Your reply must contain the lines from the one with "The full We" through the last line of the material, exact and complete, with no pictures and no other text.

• Recorded data
******************************
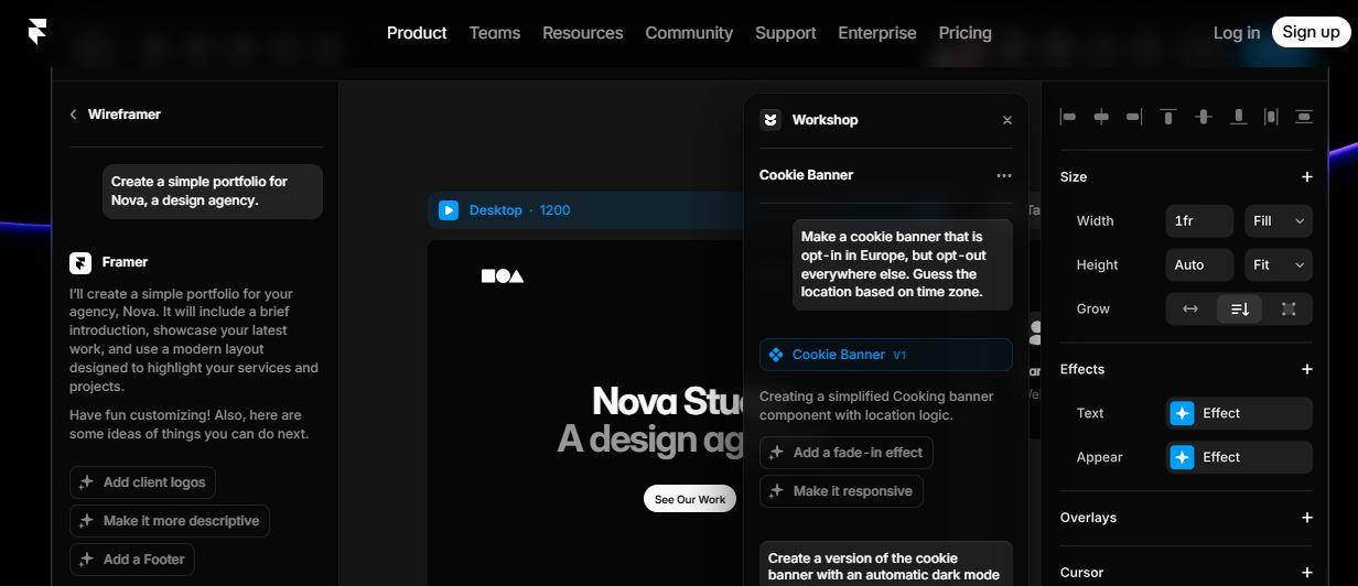 If your priority is creative freedom, modern animations, and visual storytelling, Framer AI is a strong fit. The tool uses artificial intelligence to sketch out layouts, and then you can tweak everything down to the micro-interactions. It’s excellent for landing pages that feel alive rather than rigid.
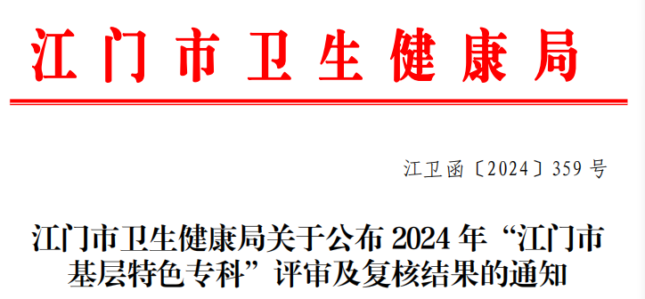 近日,根据《江门市卫生健康局关于印发〈江门市基层特色专科建设与评审工作方案〉的通知》(江卫函〔2024〕212 号)精神,我市基层医疗卫生机构的学科体系建设取得了重要成果。一是在2024年度江门市基层特色专科评审中,我市海棠直播 水口医院泌尿外科和海棠直播 三埠街道社区卫生服务中心老年医学科脱颖而出,成功入选“江门市基层特色专科”。二是2020年已获评专科的复核结果继续保留海棠直播 苍城镇中心卫生院颈肩腰腿痛专科 “江门市基层特色专科”称号。这就标志着我市基层医疗卫生服务能力和学科发展水平逐年提升。
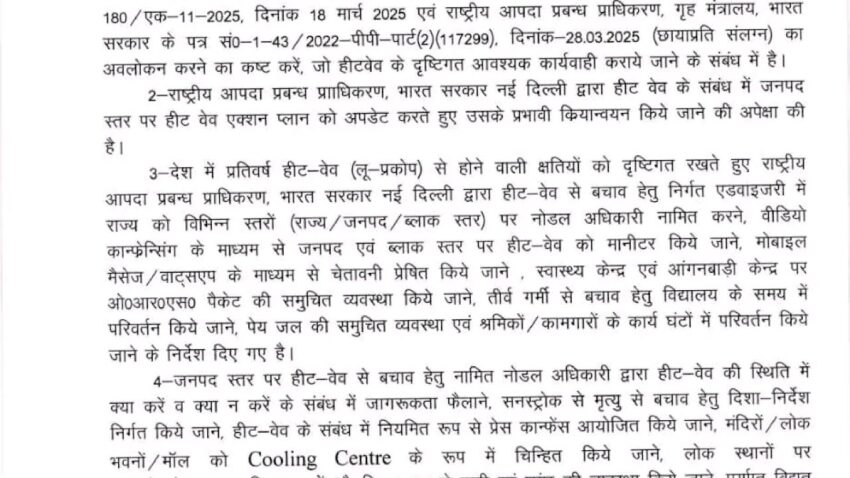 *हीटवेव के अन्तर्गत आवश्यक कार्यवाही कराये जाने के संबंध में।*
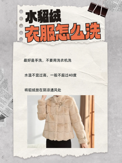 水貂绒的衣服比较好采用手洗的方式。洗衣机中的滚动和搅拌动作容易损伤水貂绒,导致摩擦掉毛,影响衣物的外观和保暖性能。选取洗涤剂 清洗水貂绒衣物时,应选用专门清洗水貂绒衣服的洗衣液。
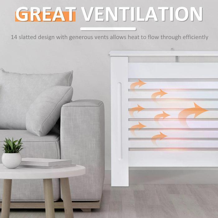 Constructed from superior E1 grade MDF, our sturdy and long-lasting radiator cover provides reliable protection for years to come. The refined white finish complements any interior palette, making it a timeless addition to your home or office.
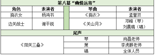 最后,在琴箫合奏《阳关三叠》“劝君更尽一杯酒”的大合唱中,全剧和本场音乐会都步入了尾声,依依惜别。
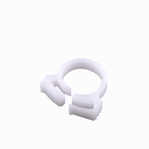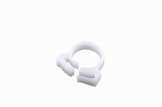 Wieder zu öffnende Schlauchschellen aus Polyacetal natur.
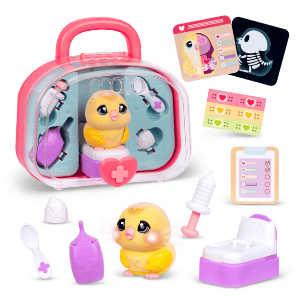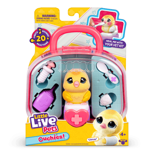 Chirpy the Chick and Coco the Hamster are adorable little pets that need your help to heal. Oh no… their cheeks are glowing – it looks like they’ve got an ouchie! Your vet kit comes with all the accessories you need to nurse them back to health with lots of love. Check the vet cards for clues on where to look for ouchies. Does Chirpy need some medicine, or maybe an X-ray and a cast for their wing? Or does Coco need their temperature checked and an ice pack? All healed now… until the next time your Ouchies pet gets sick or hurt again! Take your pet everywhere you go in the portable vet case, which also includes sticker bandages. Ouchies are super interactive with 20+ sounds, lights, and reactions – each pet responds with adorable sounds to tell you how they’re feeling. You’ll love the experience of caring for, diagnosing, and nurturing your Ouchies back to health. A truly unique vet care experience from Little Live Pets. There are 2 Ouchies Vet Kits to discover – Chirpy the Chick and Coco the Hamster - each with their own unique ouchies and accessories to heal them. Collect them both!
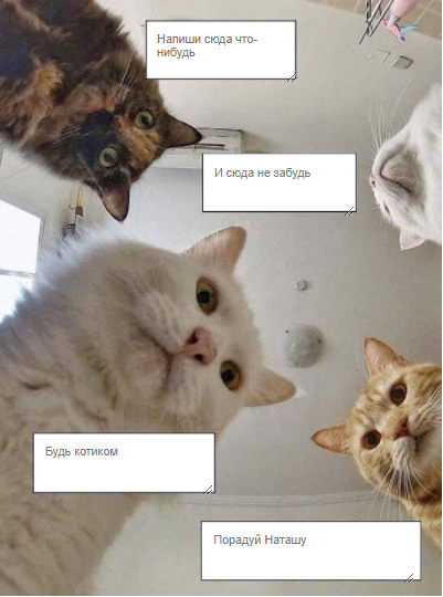 Когда мир вокруг снова начнет пошатываться, наш генератор поможет быстренько сделать мем, в котором коты за вас предупредят Наташу, что случилось что-то плохое.
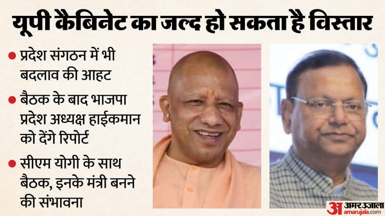 माना जा रहा है कि दिल्ली से हरी झंडी मिलते ही कभी भी विस्तार पर अमल किया जा सकता है। इसके बाद संगठन के पुर्नगठन का काम शुरू होगा।मुख्यमंत्री योगी आदित्यनाथ मंगलवार को पूरे दिन लखनऊ में थे और उनका पूरा समय आरक्षित था। देर शाम को उनके आवास पर प्रदेश अध्यक्ष पंकज चौधरी, महामंत्री संगठन धर्मपाल सिंह, दोनों डिप्टी सीएम केशव प्रसाद मौर्य और ब्रजेश पाठक के अलावा संघ से क्षेत्र प्रचारक अनिल कुमार व अन्य संघ के पदाधिकारी पहुंचे। सभी लोग करीब सीएम आवास पर सवा घंटे अधिक समय तक रहे।
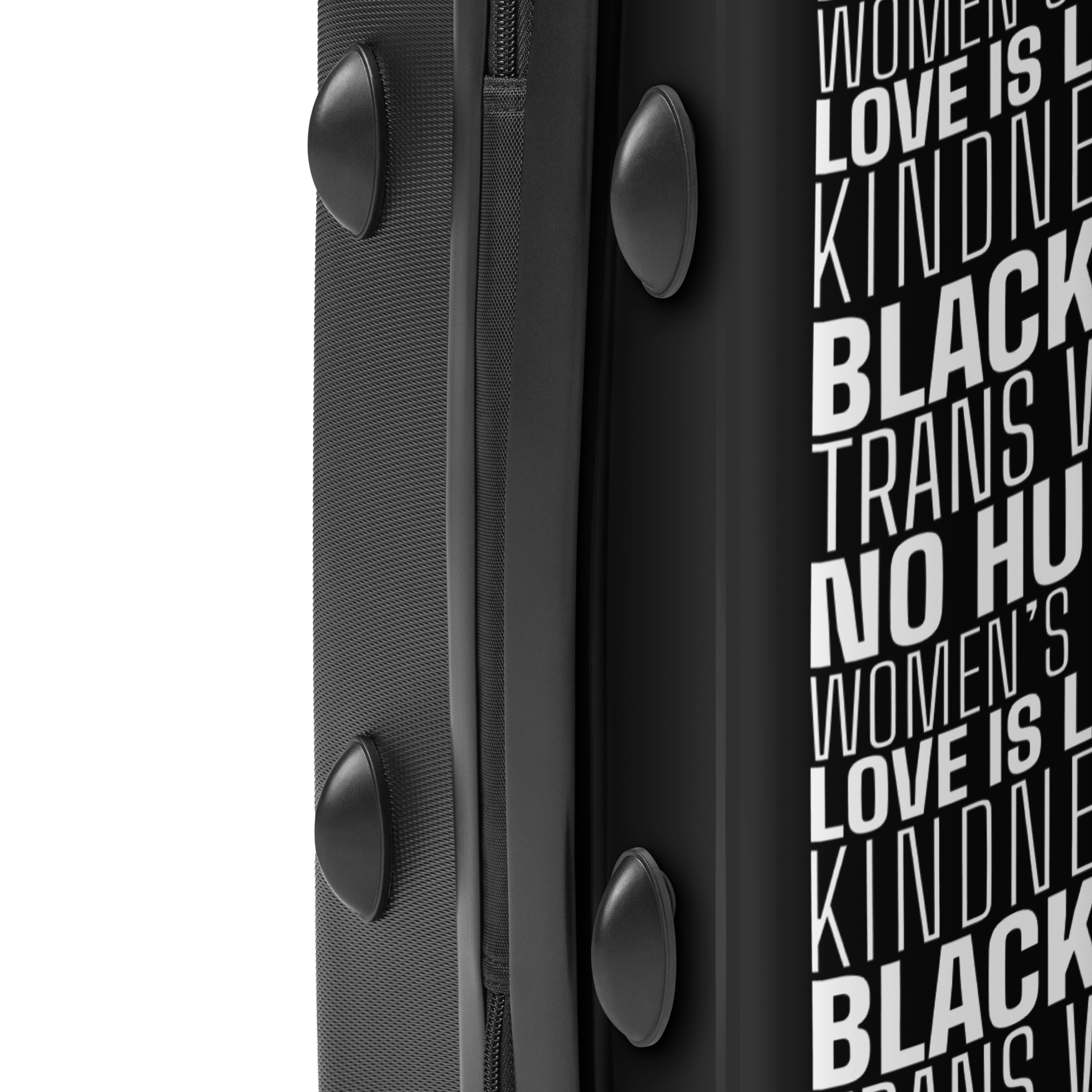 The full We Hold These Truths declaration repeats across the entire hard shell — Black Lives Matter, Trans Women Are Women, No Human Is Illegal, Women’s Rights Are Human Rights, Love Is Love, Science Is Real, Kindness Is Punk Rock — edge to edge, top to bottom, on every surface. It doesn’t whisper. It doesn’t hedge. It travels with full conviction through every terminal, every security line, every city in the world.
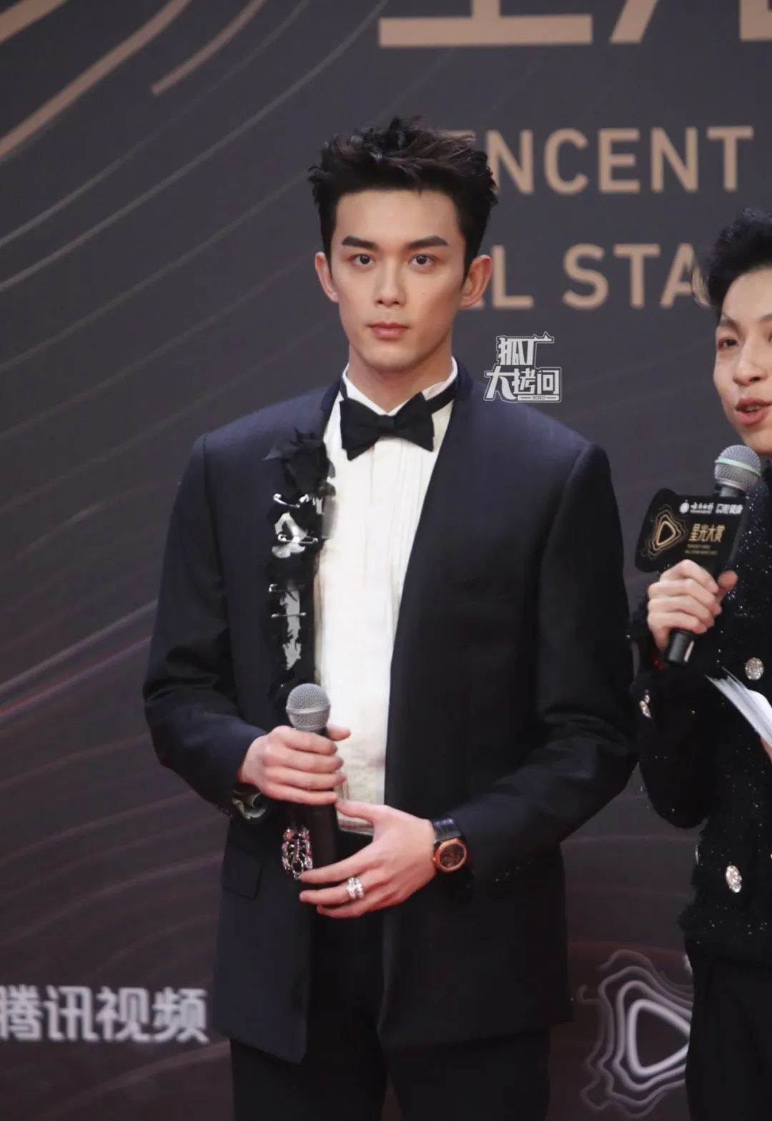 龔俊的黑色絲絨拼接亮片西裝外套,讓他看起來多了幾分魅,感覺像脫了外套就很會扭動身體的交誼舞選手。
******************************
• Completed exercise
 The full We Hold These Truths declaration repeats across the entire hard shell — Black Lives Matter, Trans Women Are Women, No Human Is Illegal, Women’s Rights Are Human Rights, Love Is Love, Science Is Real, Kindness Is Punk Rock — edge to edge, top to bottom, on every surface. It doesn’t whisper. It doesn’t hedge. It travels with full conviction through every terminal, every security line, every city in the world.
 龔俊的黑色絲絨拼接亮片西裝外套,讓他看起來多了幾分魅,感覺像脫了外套就很會扭動身體的交誼舞選手。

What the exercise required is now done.